J’étais dans mon questionnement existentiel depuis cinq minutes. Gorgée de café tiède pour raviver ma réflexion. Le livre ouvert à la même page depuis cinq minutes. J’ai senti que Maman Marvel en avait marre de s’inventer des volcans explosifs. Elle scrollait son cellulaire en continuant à animer le jeu avec moins d’enthousiasme. S’est reculée un peu. A jeté un coup d’oeil derrière elle et a reluqué les balançoires.
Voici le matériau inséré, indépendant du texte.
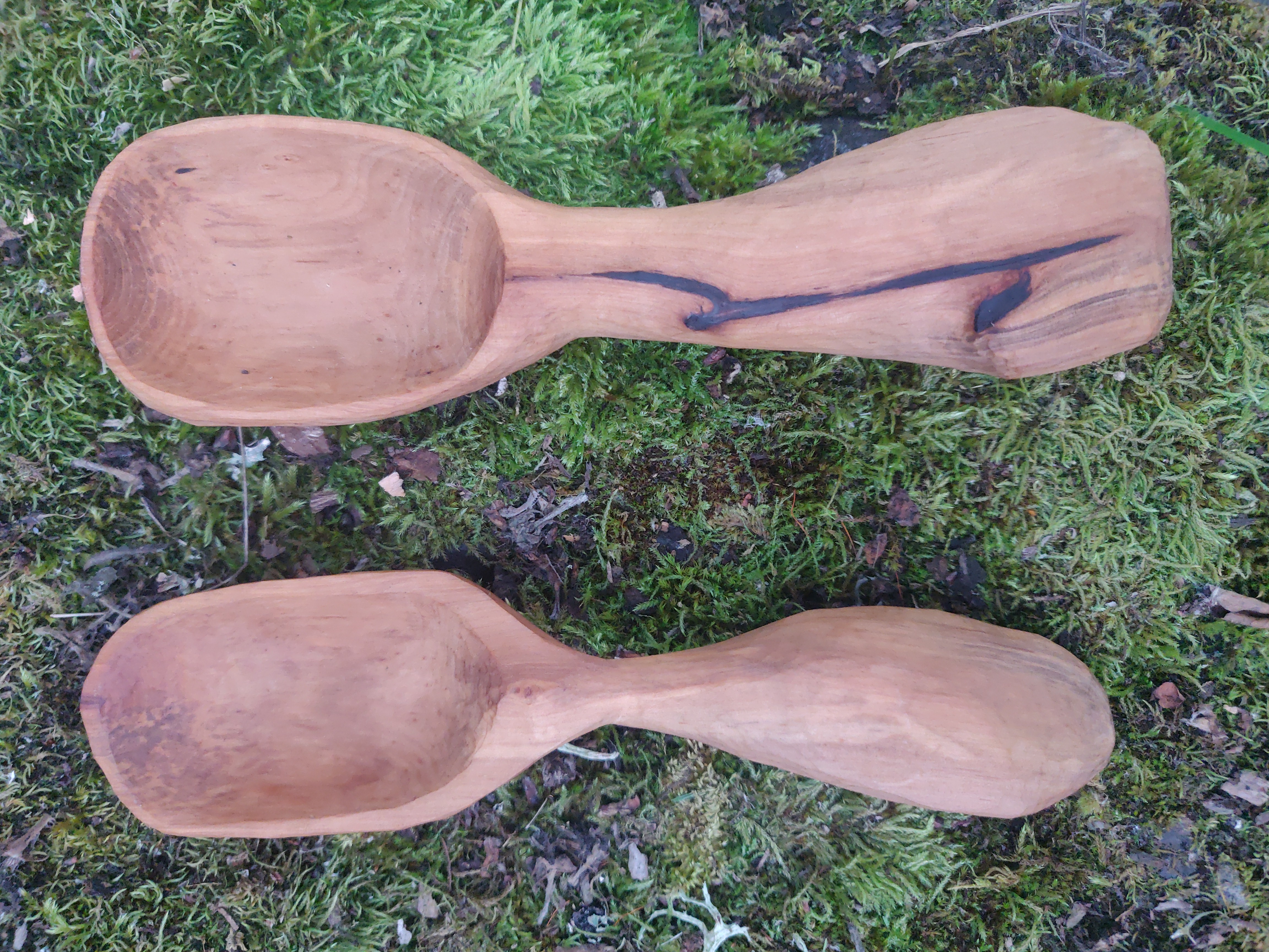 two scoops from a spalted hawthorne log found beside a trail in montana

Elle a franchi les quelques pas qui la séparait de son jeu de convoitise, et s’est laissé tombé mollement dans le jeu. Bonheur. De courte durée.
Les participantes, habituées à se laisser présenter un univers qui n’était pas le leur, depourvu de fournir l’effort de s’imaginer un univers, des encouragements, des mises en garde, des revirements de situation se retrouvaient devant – horreur! – une pause. Un blanc dans le bruit incessant. Intolérable.
« Maman!?! Est-ce que le sol est en lave maintenant? J’ai besoin d’aaaaaiiiiide! »
Mais Maman Marvel avait retrouvé son corps et elle voulait se balancer, visage au soleil, cheveux au vent. Timidement, dans un espèce de plainte lasse, elle a justifié son absence « mais maman a le goût de se balancer… » Puis, pour pouvoir s’offrir ce plaisir interdit, elle s’est mise à chanter la comptine « Un éléphant qui se balançait » pour ne donner aucune chance à ses filles de l’appeler et de l’arracher à son jeu.
J’avais le goût de lui dire qu’elle avait le droit de se balancer. Une maman qui se balance doucement, avec ses filles qui jouent plus loin. C’est juste parfait. Mais non. La comptine terminée, elle a revêtue sa cape de Marvel pour un léger sursis. Un regain d’énergie.